A developer rues the day

Participatory design, while not yet a tradition, may very well be the thing that saves us from an entirely ugly landscape. This is the most democratic of the traditions in that it is architecture for the people, by the people. Design professionals educate the public such that their decisions about the nature of a proposed place are socially and environmentally conscious of long-term effects. Designers, too, become educated, learning how to better respond to the needs of every day people and their community. It is my sincerest wish that this heralded tradition-hopeful is ushered in with Godspeed.

Some points I’d like to make:

1. Thanks to the uglification of American architecture and all its wasteful ways, people are beginning to realize how wise our uneducated, primitive ancestors really were.

Using Local Materials

It was by necessity that folks used locally-available materials, but how’s this for a flash of brilliance? Maybe, just maybe, the materials that already exist in a particular location are probably the best suited materials for building in said location. Maybe it is ostentatious and foolish to insist in importing materials from far-away lands. Maybe the exponentially-growing environmental and social ramification of shipping building materials great distances should be causing people to reconsider their selfish, petty wants. We can learn much from indigenous cultures, but, the question is: will we?

2. While the high style tradition is responsible for some of the world’s greatest architecture, it is also responsible for planting the seeds of conspicuous consumption, which is an abomination against nature and common sense.
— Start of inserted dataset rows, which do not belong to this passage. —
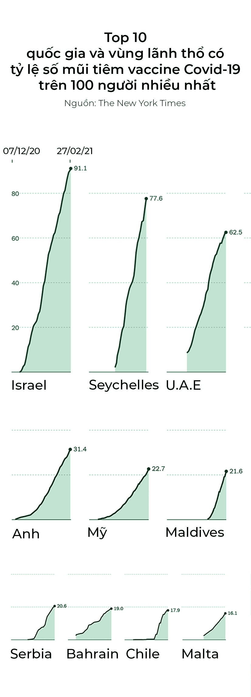Với dân số khoảng 9 triệu, Israel là nước đang đi đầu trong chương trình tiêm chủng diện rộng. Tỷ lệ tiêm vaccine ở nước này là 91,1 liều/100 người cho mũi đầu tiên, tính đến ngày 27/2.
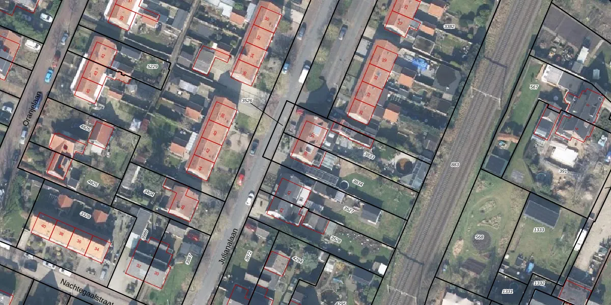 Het perceel waarop Julianalaan 39 staat heeft een oppervlakte van 490 m². Dit is een groot perceel. De perceeloppervlakte wordt geregistreerd door het Kadaster. Gedetailleerde informatie over de maten van dit perceel kunt u vinden in het rapport Kadastrale kaart met maatvoering van Julianalaan 39.
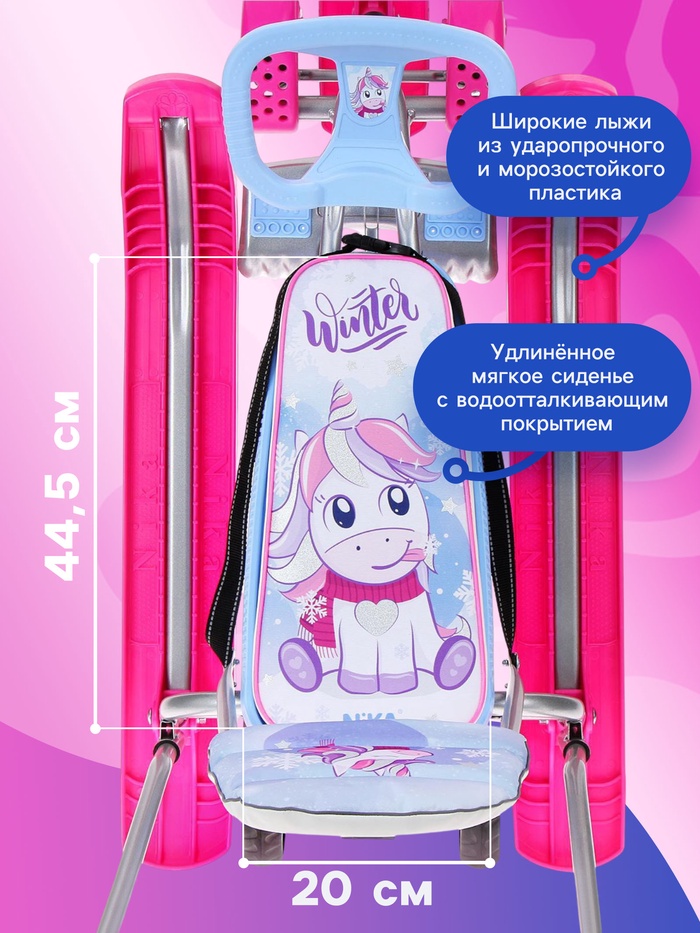 Снегокат с колёсами «Тимка спорт 6 Единорог», ТС6-М/ЕР, с родительской ручкой, со спинкой и ремнём безопасности, цвет розовый/сиреневый/серый
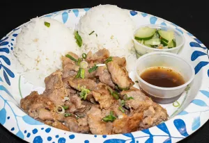 Pork shoulder sliced thin and marinated with classic Thai flavors and cooked on the flat grill. Served with rice, cucumber salad & chili vinegar sauce.
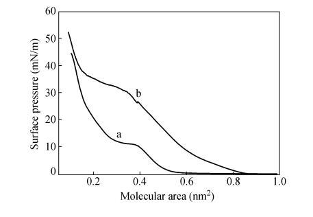 2种单体分子结构相似,CO2DA比CODA多了一CH₂-CH₂O一柔性间隔基,整个分子的舒展程度相对较大。当CODA分子在水面铺展时,与水分子的相互作用小,分子"平躺"在水面上,当膜障压缩单分子膜时,CODA分子受到侧向压力时容易发生滑移,形成多层膜。而CO2DA分子端基亲水性相对较强,当膜障压缩单分子膜时分子在水面能立起来,并与液面形成一定的夹角。因此CO2DA单分子膜占据面积较大,崩溃压较高。

If you’re a king or the pope or a Hollywood director, you probably have the means to put together a real swell pad. That’s great. It’s wonderful to go to Europe and feel like you’re in a large living museum of awe and splendor. It’s nice to read glossy magazines full of saturated photographs of people who have obscene amounts of money who are able to import Italian travertine for their bathroom floor. But let’s talk about jealousy. If you see something pretty in a home decorating mag, it’s as good as porn for setting yourself up on a vicious cycle of desire and disappointment. You do not make 1.2 million dollars a year. You work at Walmart. You can’t even afford to go to the dentist. You will never rest your feet on Italian travertine while you are taking a dump. No. These are empty dreams, designed by cruel marketing people to make you want what you do not need. But you will go to Target anyway and put some Michael Graves teakettles on your Discover card. It will be satisfying, but the feeling will go away. You will buy more, more, more, but it is never enough. You feel suave and sophisticated, but your credit card debt will be passed on to your children. This is not success. This is being a victim of the games advertisers like to play with your mind. Resist.

3. How ridiculous has our system become when talking to actual people about planning their own town is seen as a new and novel method of development?

It seems like common sense, doesn’t it, to actually meet with the people most directly effected by building design? Wouldn’t it be helpful to an architect to gather the unscripted, candid opinions of townsfolk who know, better than any developer, what it is that their town does and does not need? Wouldn’t a place designed by democracy and yet guided by design professionals prove to be a culturally satisfying and meaningful place to live? I think so.